◆ **Provided material**
※ ※ ※

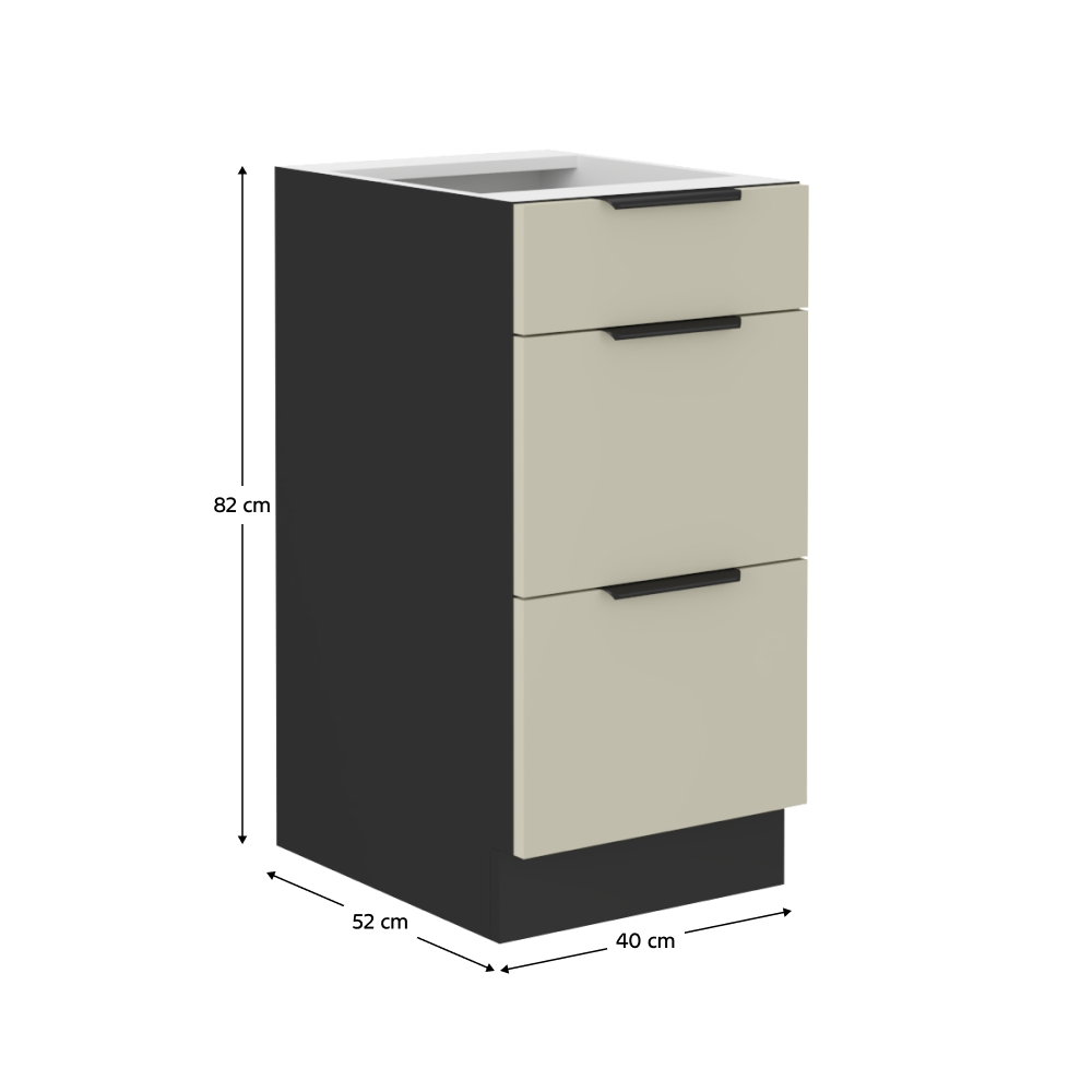 Dolní skříňka ARAKA 40 D 3S BB je se třemi šuplíky v kombinaci cashmere s černou. Skříňka je dodávána s dolní lištou a bez pracovní desky.
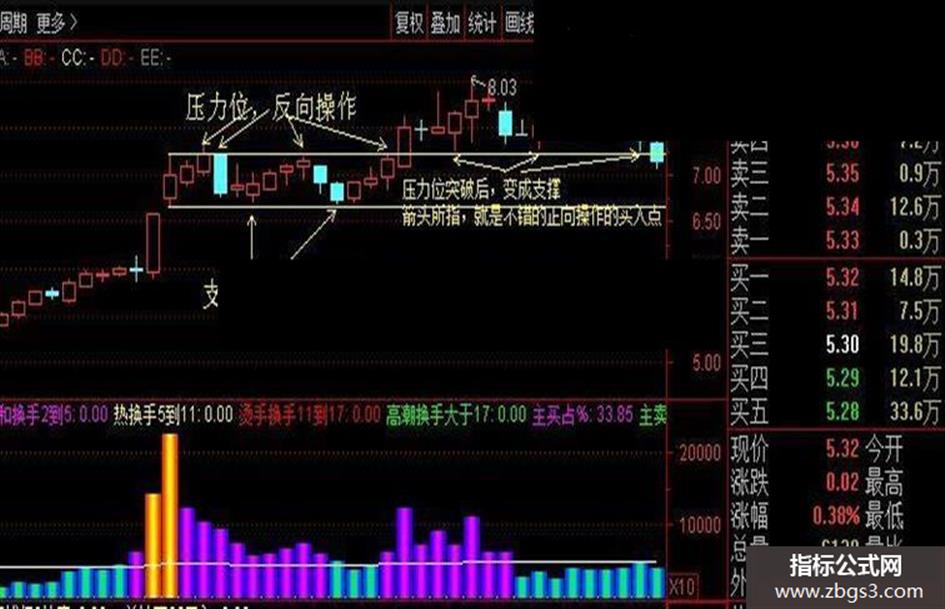 “T十0”之K线买卖方法一。在某个时间段成交量最大的这根K线的最高最低价就有压力或者支撑,股价回调到该K线会获得支撑,反之股价反弹到该K线会有压力,当股价处于该K线之间上有压力下有支撑。压力位就做反向操作,支撑位就做正向操作。
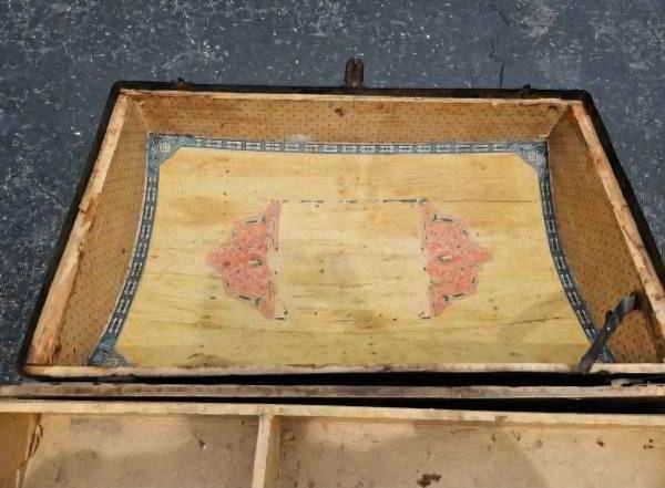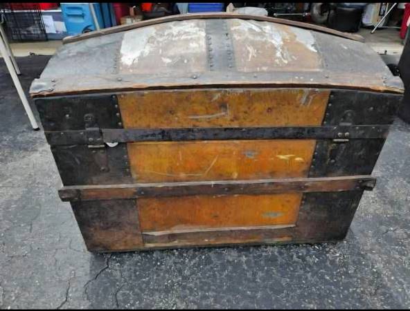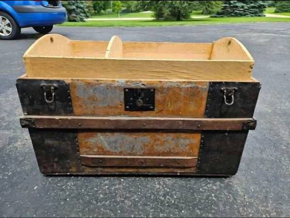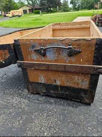 We had someone look at it and they said it's at least 100 years old. It's in good condition for it's age. It has rough parts all over it and in the inside due to it's age. It has 2 handles, one per side and 4 small roller wheels on the bottom that work. It's mostly all wood except for some metal brackets, locks and pieces on the top of the chest. It is missing one metal bracket on the inside, the hinge for the top. No keys for any of the locks. It's sturdy and heavy. Measurements when open: The base is about 28in across, 16.5in from front to back, wide and 14in deep. The top is about 28in across, 16.75in wide and 8.5in deep and the highest part. Measurements when closed: it's 31in across, 18.75in wide, front to back and about 25in tall. Italso as a removable shelf that is unfinished.
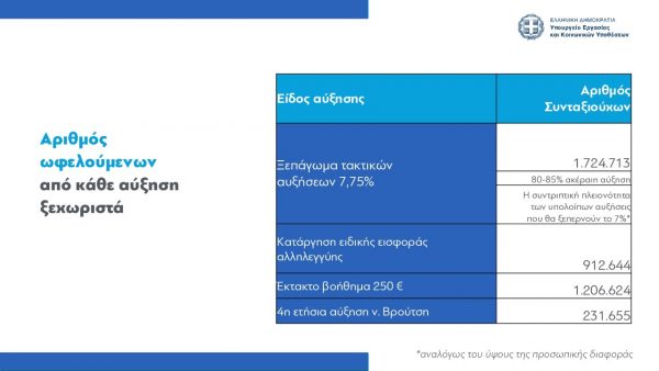 1) Από την οριζόντια αύξηση του 7,75% θα ωφεληθούν 1.724.713 συνταξιούχοι.

※ ※ ※

◆ **Problem statement**
Your copy should match the data exactly, apart from the images, which are dropped.

◆ **Result below**
 Dolní skříňka ARAKA 40 D 3S BB je se třemi šuplíky v kombinaci cashmere s černou. Skříňka je dodávána s dolní lištou a bez pracovní desky.
 “T十0”之K线买卖方法一。在某个时间段成交量最大的这根K线的最高最低价就有压力或者支撑,股价回调到该K线会获得支撑,反之股价反弹到该K线会有压力,当股价处于该K线之间上有压力下有支撑。压力位就做反向操作,支撑位就做正向操作。
 We had someone look at it and they said it's at least 100 years old. It's in good condition for it's age. It has rough parts all over it and in the inside due to it's age. It has 2 handles, one per side and 4 small roller wheels on the bottom that work. It's mostly all wood except for some metal brackets, locks and pieces on the top of the chest. It is missing one metal bracket on the inside, the hinge for the top. No keys for any of the locks. It's sturdy and heavy. Measurements when open: The base is about 28in across, 16.5in from front to back, wide and 14in deep. The top is about 28in across, 16.75in wide and 8.5in deep and the highest part. Measurements when closed: it's 31in across, 18.75in wide, front to back and about 25in tall. Italso as a removable shelf that is unfinished.
 1) Από την οριζόντια αύξηση του 7,75% θα ωφεληθούν 1.724.713 συνταξιούχοι.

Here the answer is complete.